Table of content:
Being a person which make notes all the time, when reading pdf books, I was trying to make annotation
We already have several markups out there which are used very heavily, Markdown and XML are most popular ones. XML is data oriented but is ineficient in several ways.
Mardown is a presentional markup, having a lot of what I would want but is not a semantic one. Almost, because for example, the primary limitation of Markdown is that it is linked to the HTML markup, which is far from perfect and serve other purpose now (HTML5) now than representing text. If you check Commonmark specs which is a better specification, it does exactly the same. Unlink HTML from the markup remove a lot of constraints and permit better data representation and links inside a text.
The IDK markup goal is to have both of the two worlds, a markup which balance towards a plain text format and towards data representation.
Being someone which write up eveything I found interesting on my smartphone, computer or paper. I have a very need to be able to make a search for specific ones when I am working or reading on a subject. Sometimes this is directly written by myself but sometimes it come from a source I am reading. In this case I need an untrusive way to quickly pick the text and move on in order to avoid cutting the reading flow as possible.
Text extraction software are clunky or slow or both
Numeric book data extraction:
All of them does not support text highlighting properly: clunky selection, data extraction not well designed or they completely lack it. For example Microsoft Edge drop them recently. The reason why they fail to provide these features is because these software are for different use than that, which made me think that a specialized one is needed (but not present in the market).
Note taking:
They use a subset of Markdown, which is a great markup to specify semantic to a text. But it lack some features I would want.
It is not as readable as it could be for my taste, because they provide visuals and user experience on top it is ok to use it for that, but Markdown is a very bad markup for data representation They go around that by leveraging the software but it still means that all the software is built around it, which make it hard to implement innovative features.
A highly wanted feature would be to be able to highlights chunk of text from a numeric file and add some details to it, which we could link to other notes and be searchable, they don't have it. It means if we want to add the text taken from the source we must write ourselves all the details. It would'nt be the end of the end if we didn't losse a very important piece of data : its context.
Any text written has a specific context, its date of creation telling us the state of the world when it was written, the whole text in which the chunk of text was written and much more.
The data is here somewhat though, when we read an interesting text, some piece of it is more important than others, if we just extract them and leave the rest unsaved, it will miss a lot of the information. Maybe it makes sense when we write it on the fresh day, but read back the text in few years and the context is gone completely. It is not rare to read something you've written and don't have a clue why you wrote it. This happens a lot on quick notes, but still, being able redive on enought depth on the subject is key sometimes.
We can see that they are not the tools for my use case, which means that if I don't create one myself, there is low chance to find later one that will. Because this is very important to me, I can't live without it, I need to build one.
If you want a software
How to fix it:
The markup must provide ways to search and mark text as data, numeric, token, text. All of them should have ways to encode fine details in them.
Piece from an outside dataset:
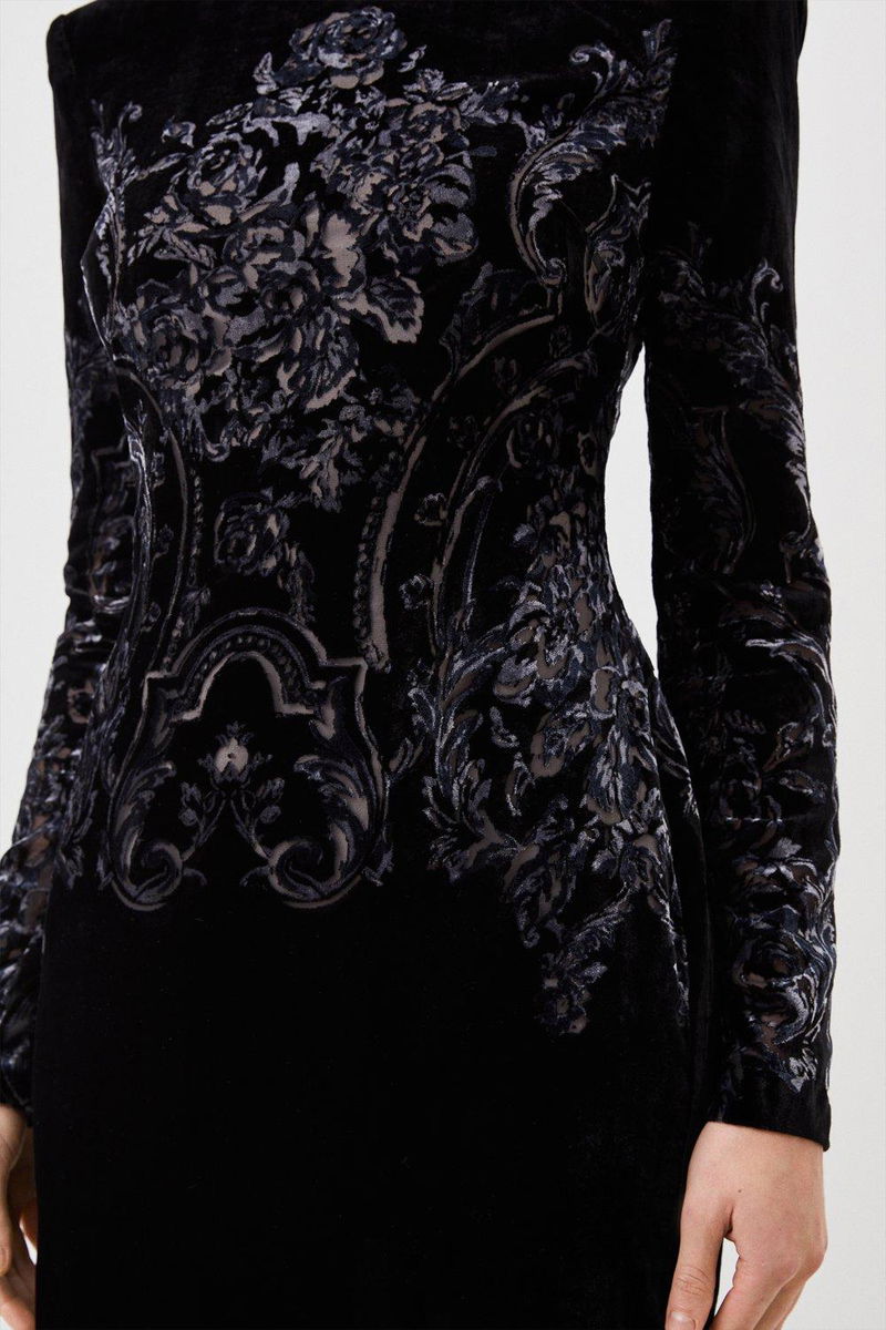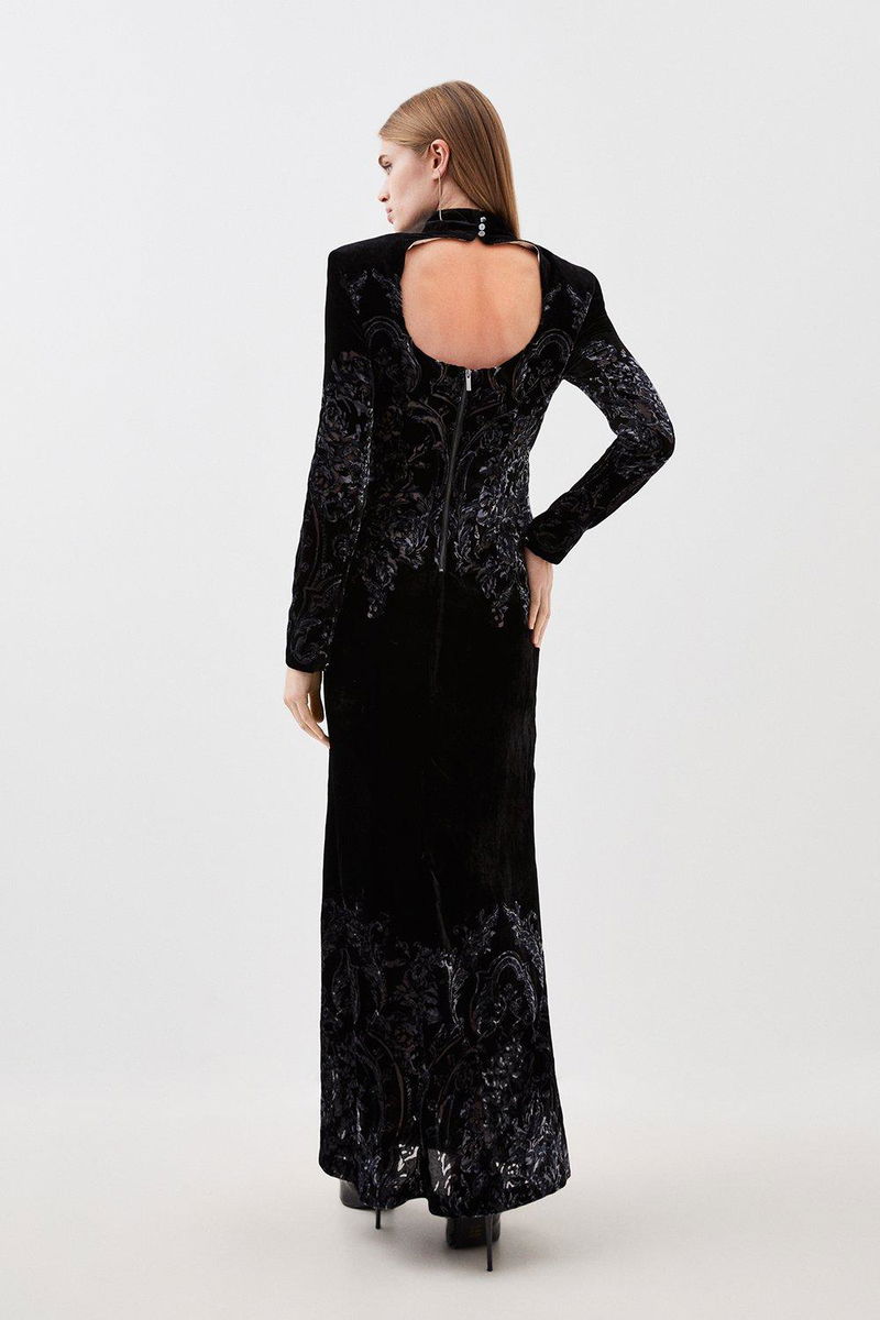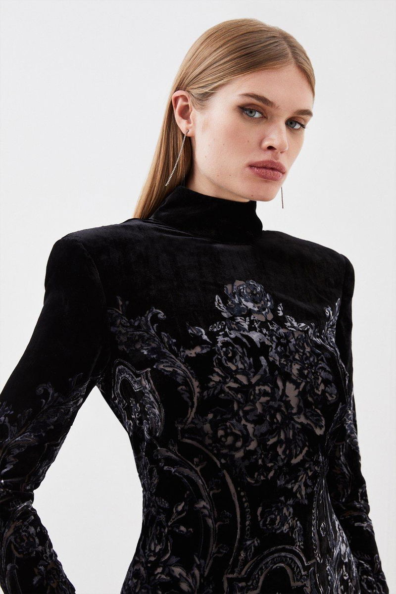 Exude a dark romance and sleek appearance, featuring a high neck and long sleeves, while a Devore print adorns satiny velvet. Cut by a maxi skirt with a side-leg split for added allure. Pair with barely-there heels for elevated occasionwear.

The markup should be usable at first try, added feature should not break that. If someone new to it is having hard time to understand why the way he wrotes the text fail or having lot of error while writing simple text, there is high probability that the markup should change.
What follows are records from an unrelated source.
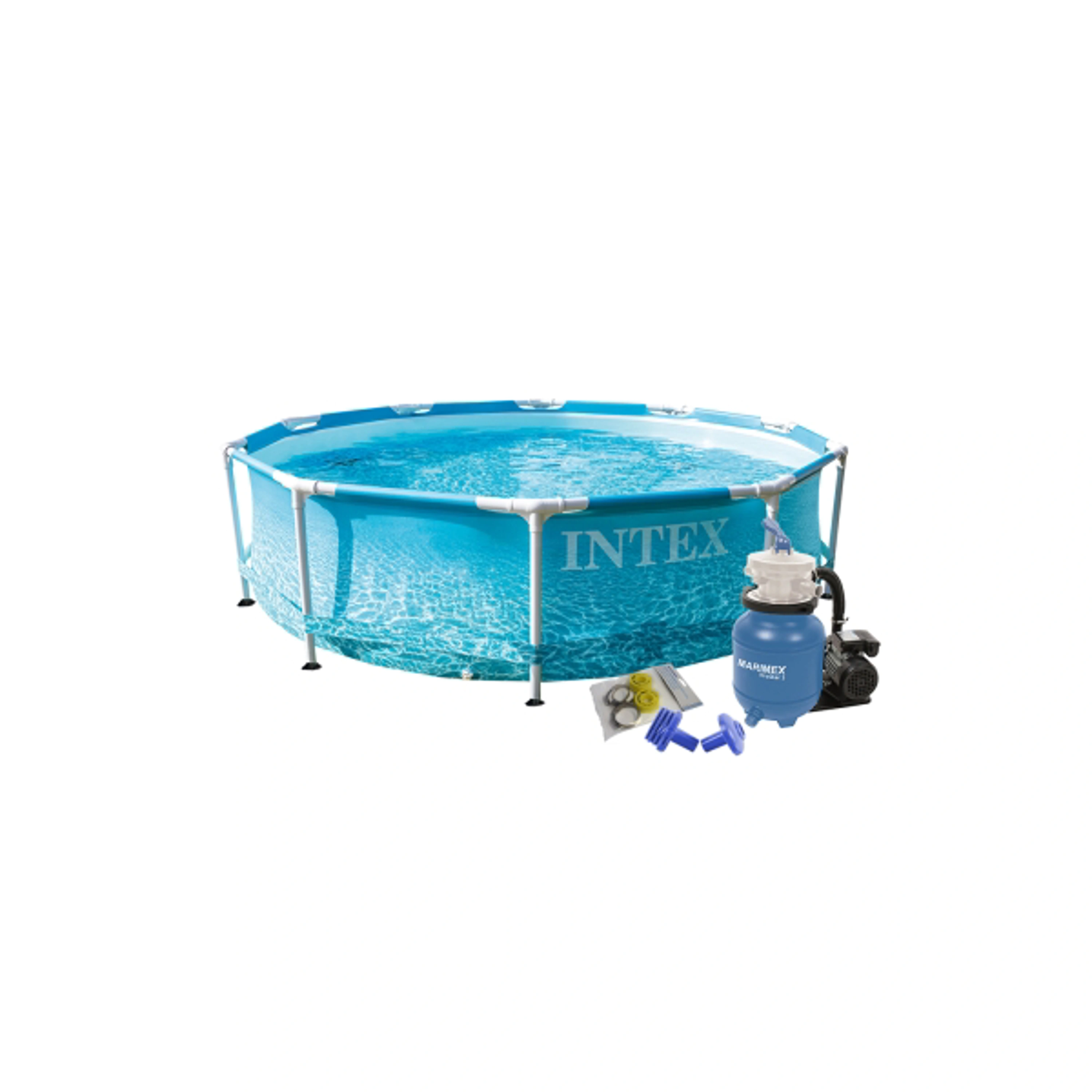 Bazénový set obsahuje všetky potrebné diely na prepojenie bazéna a filtrácie (napr. hadice, pásky na upevnenie hadíc, kartušovú vložku filtrácie a pod.)
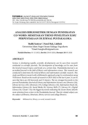 Budhi Santoso, - and Nurul Hak, - and Labibah, - (2024) ANALISIS BIBLIOMETRIK DENGAN PENDEKATAN CO-WORD MEMETAKAN TREND PENELITIAN ILMU PERPUSTAKAAN DI JURNAL PUSTAKALOKA. Pustabiblia: Journal of Library and Information Science, 8 (1). pp. 69-85. ISSN e-ISSN : 2549-3868 p-ISSN :2549-3493
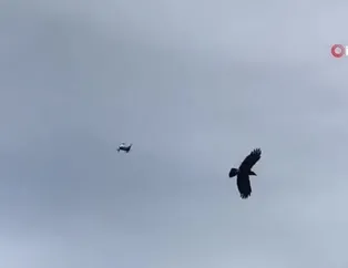 Drone'nun sesinden ve renginden dolayı bir kuş olduğunu zanneden karga havada drone'nu düşürmeye çalıştı. Karganın saldırısı ise renkli anlara sahne oldu. O anlar ise cep telefonu kameralarına anbean yansıdı.

It should have possibilities to encode complex writing and relations between part of texts.
It should keep the basic writing features very easy to read, for comparison it should be a bit more readable than Markdown file format.
Having very detailed logs is not the goal yet, but it must catch error with precise location and avoid stack trace like Java. The parsing should fix as possible as error it can, helping the writer to not much think about his writing.
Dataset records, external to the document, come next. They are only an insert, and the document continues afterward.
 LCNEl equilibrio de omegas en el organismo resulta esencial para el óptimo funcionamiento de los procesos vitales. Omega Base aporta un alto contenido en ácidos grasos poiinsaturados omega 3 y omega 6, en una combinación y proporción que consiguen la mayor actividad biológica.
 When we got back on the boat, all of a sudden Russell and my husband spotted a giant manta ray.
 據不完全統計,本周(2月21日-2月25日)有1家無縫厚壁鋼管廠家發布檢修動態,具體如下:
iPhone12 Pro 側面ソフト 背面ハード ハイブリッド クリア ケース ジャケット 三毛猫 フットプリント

It should be as a tool which have two personalities, one side will permit very easy writing, the other will be highly capable of transforming the text and represent its meaning.
No compromise should be made on the performance, the parser should be able to parse hundreds of file, checks their links in a very short time scale. The purpose is to be able to use it for computation, for the bonus it will have responsive UX.
Something is right for every file format adoption, it must be easy to implement. To achieve that there is several ways, provide tools easy to use and integrate, be open. The markup should do all of them.
By having a possibily to do it will permit writer to alter the markup for their own needs. The way I see this is having a standard set of rules for the markup, then you permit anyone to add features which will never breaks the standard. Maybe a file that specify markup rules computation addition. Never allow to modify the standard is very important though.
Majority of the IDK possibilities are available everywhere where it make sense. Id est a table's cell must have the formating capacity, footnote reference and more. So keep in mind that if you see a feature listed below there is high probability to be available for your exotic use case.
IDK must produce HTML which is compliant to the specs, the output is checked regularly to see if it does.